Do you believe in Christmas miracles? I guess I do. I remember the year my dad passed away right before Christmas and it actually snowed in Los Angeles! I like to think that was my Old Man telling God to cheer me up with a white Christmas. A few months ago I was listening to NPR and I heard the story of a man who found his entire life transformed in a church on Christmas Eve.
This guy's name is William Kitt. William is in his sixties now, and he's had a pretty darn interesting life. He's a black guy who was brought up in South Carolina and he started getting in trouble when he was a little kid. He figured out that if you hit or tipped a vending machine in just the right way you could knock some of the change out of it. So he started ripping off vending machines and auto-mats and got himself a juvenile arrest record by the time he was eleven years old.
For some misguided reason, William's mom moved with him to New York City. Maybe she thought a change of environment might keep the boy out of mischief. Who knows? Unfortunately for William, she decided to abandon him as soon as he turned eighteen.
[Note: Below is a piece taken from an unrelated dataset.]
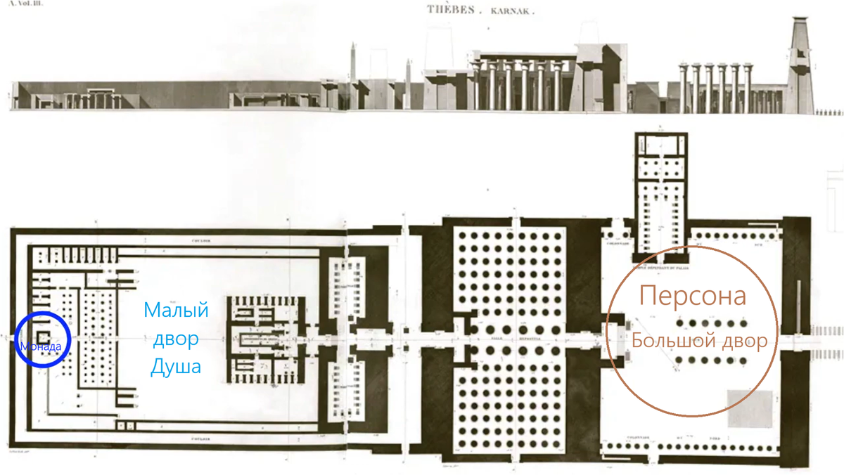 Этот луч света является каналом, по которому будет происходить окончательное отступление Монады. Когда Монада ниспослала Нить Жизни, это был инволюционный процесс в сторону сосредоточения на Душе и Персоне. Построение Антахкараны – это обратный процесс, посредством которого Монада абстрагируется от двух нижних триад. Этот процесс называется «Великим Отречением». От чего же отрекаются? От жизни Персоны и Души, которые были инструментами для достижения более высокой цели. В этом и заключается суть 4-го посвящения (i4). Антахкарана служит не только процессу объединения 1-й и 2-й триад, но и возвращению к Монаде, расположенной над 3-й триадой. После прохождения (i4) Душа и Персона больше не имеют власти над учеником. Именно тогда, как уже упоминалось, «завеса Храма» разрывается на две части сверху донизу. Именно эта завеса отделяет внешний двор, жизнь Персоны, от Святилища, Души, и далее – от Святая Святых, Монады. Мы видим это в строительстве Иерусалимского храма. Я же думаю об этом скорее через призму Карнакского храма в Египте. Меня всегда поражало, как у входа в него находится огромное здание, которое затем переходит в меньший двор. А оттуда – в небольшую комнату, где стоит статуя высотой всего около 30 сантиметров. Столько каменной кладки ради простой статуи размером с куклу! Но, в конце концов, мы говорим о монаде. Монада – это мельчайшая частица материи во Вселенной. Она может быть всемогущей, но заключена в крошечной оболочке. Теперь аналогия со зданием и тем, что мы здесь обсуждаем, кажется вполне понятной.
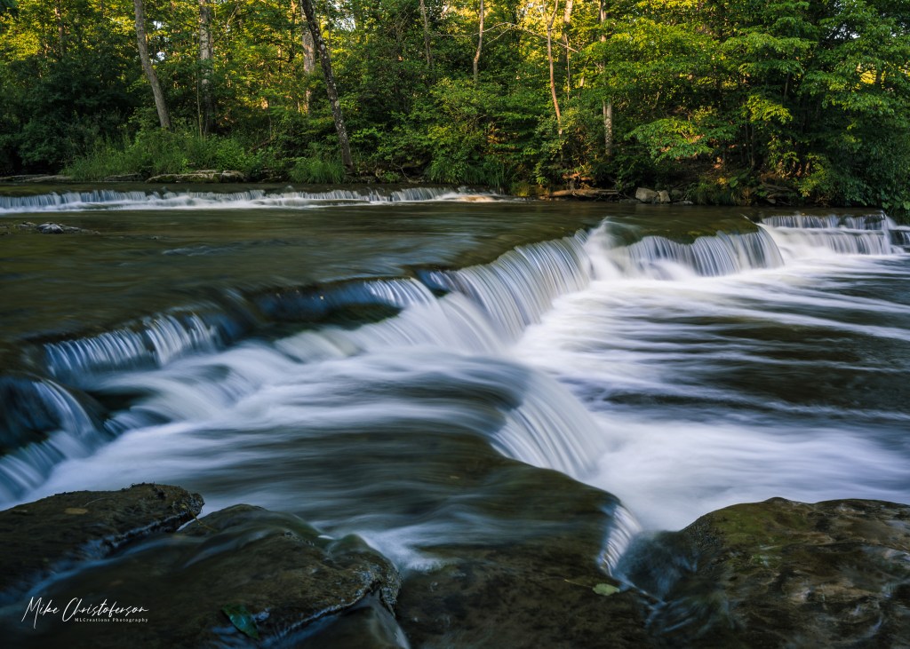 My first inclination (and why is this how I am now?) was to drive through the park and go find another activity. I think the design of the park will work in my favor. The road through the park is one way, and you have to drive completely around to exit. As I approached the waterfall area on the opposite side of the creek, I made up my mind not to let a few people stop me. I parked the car, grabbed the tripod, threw the camera bag over my shoulder and headed to the creek to explore.

He came home to find the apartment deserted and himself with no skills for paying bills or managing as an adult. Now you might think that an eighteen-year-old with a juvenile record might come to no good if left alone on the mean streets of New York.
And you'd be right.
After a brief stint in a homeless shelter, William took to the dirty streets like a lion takes to the Serengeti. He had an instinctive, native cunning about survival. All told, William would spend thirty-four years of his life as a street person. To his credit, he adopted one moral scruple--he would never steal from an individual. Instead, he would rip off institutions. One of his favorite cons was to steal bottles and cans from the city recycling center and then sell his loot back to the same center for cash. Of course, the biggest institution William could rob was the federal government. He made a brisk business out of forging identities. At one point he was conning Uncle Sam out of $2,000 a week in welfare checks. This con could, at the very least, put a roof over William's head had he not by this time developed a rather pricey addiction to heroine, cocaine, crack, and just about any drug he could lay his hands on.
Over time, the drug habit began to exact payment--both financially and emotionally. William began to hear voices--auditory hallucinations which robbed him of his sanity. He described the noises in his head as the voices of demons, goading him with foul and sinister thoughts, urging him to steal and filling his mind with scenes of violence. His very existence became one unimaginable nightmare.
And then came Christmas Eve 2003. For some inexplicable reason, the homeless junkie and conman took shelter inside a church. William says that sitting under the great arched ceiling gave him a feeling he'd never remembered having. Nothing if not a covetous man, William looked around at the faces of the worshipers as they sang the familiar hymns to celebrate the birth of the Christ child. "I wanted to have what they had," he said.
Shortly thereafter, having heard on the street that a housing project was opening in Harlem with preferential treatment for the mentally ill, William approached a social worker and applied for an apartment at the Broadway Housing Communities. Always the conman, William declared himself to be schizophrenic. "I had to act crazy," he said. He put on a show for the psychiatrist, exaggerating the severity of the audio hallucinations he actually heard and was soon granted residency.
For the first several months William rarely stirred from his new home. He did not attend the community functions, nor did he seek rehabilitation or counseling for his drug addiction. Rather--miraculously--he just stopped taking drugs. And gradually, the demonic voices in his head grew silent.
Today William Kitt still lives in Broadway Housing in the same apartment he's had for thirteen years. He spends his time creating exquisite works of art, drawing scenes from around Manhattan which he renders in vivid pastel crayons. His works are vibrant and beautiful. He still claims, however, that he hears one particular voice, but says that it's the voice of an angel who inspires his artwork.
Does an angel really speak to William Kitt, or is it just the residue from his years of substance abuse? I don't know, but I like to think that if an angel would speak to a peasant carpenter, a teen-aged girl, or group of dirty shepherds, one would certainly not disdain talking to a former homeless drug addict.
William is alive and healthy today because of a Christmas miracle. What drew him to that church thirteen Christmases ago? What drives any of us to church on this holy night? Only our soul's hunger to behold the Christ child and receive the peace this child has to give.
God bless you, my friends, and a Merry Christmas to you all.